GrowDiaries, a community of Marijuana growers suffered a data breach due to the use of a weak MD5 Hashing Function.
An Online community named GrowDiaries, where marijuana growers can discuss about their plants and engage with other farmers, suffered a data breach last month where 2 million passwords were leaked online.
The breach happened because of the company’s oversight. They accidentally left 2 Kibana apps unsecured on the internet without admin passwords.
Kibana apps are used for administrative purposes by the company’ IT and development teams. It allows users to manage databases through a single visual interface. Thus, it’s necessary to secure these apps to ensure the whole platform’s security
But in this report that was published on LinkedIn today, A security researcher named Bob Diachenko stated that, GrowDiaries overlooked it’s security and left two Kibana apps unsecured. These apps were left without a password since September 22, 2020.

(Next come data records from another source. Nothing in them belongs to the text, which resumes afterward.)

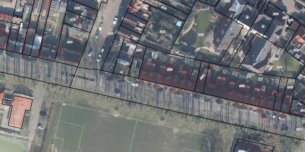 Het perceel waarop G.J. van Heekstraat 56 staat heeft een oppervlakte van 785 m². Dit is een groot perceel. De perceeloppervlakte wordt geregistreerd door het Kadaster. Gedetailleerde informatie over de maten van dit perceel kunt u vinden in het rapport Kadastrale kaart met maatvoering van G.J. van Heekstraat 56.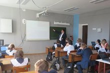Сегодня у нас в школе был заместитель начальника главного управления ветеренарии Кабмин РТ Нугуманов Ильдар Нургалиевич, который для учащихся 5- 8 классов провёл "Урок цифры".
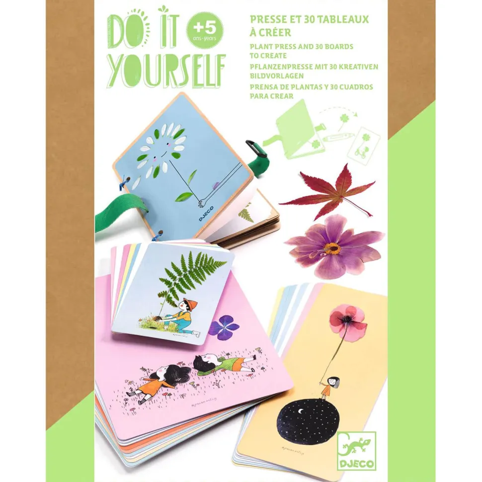 Un kit créatif pour faire découvrir la beauté de la nature aux enfants. Il contient une presse à assembler et à emmener en balade pour y récolter plantes et fleurs, et 30 tableaux et cartes à décorer.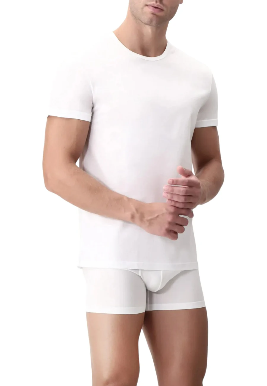 Maglietta girocollo da uomo realizzato nel piรน pregiato dei tessuti per l’intimo, il Filo di Scozia. Brillantezza, dispersione naturale della traspirazione cutanea e resistenza nel tempo caratterizzano questo tessuto.

He further said that these two apps allowed the hackers to access two sets of Elasticsearch databases, one had over 1.4 million user records and the second included more than two million user data points.
The first dataset consisted usernames, email addresses, and IP addresses, while the second set of database also exposed user blogs posted on the GrowDiaries site and users’ account passwords.
The passwords were hashed, but they were hashed using md5, which is a weak and crack-able hashing format.
Diachenko reported the unsecure Kibana apps to GrowDiaries on October 10, and the company secured the apps after 5 days
This was bound to happen as hackers are on the lookout for vulnerabilities every second. There is no official word from any GrowDiaries personnel as of yet.
Users with GrowDiaries accounts are recommended to change their passwords to make sure their accounts are safe in-case their data was leaked in the breach.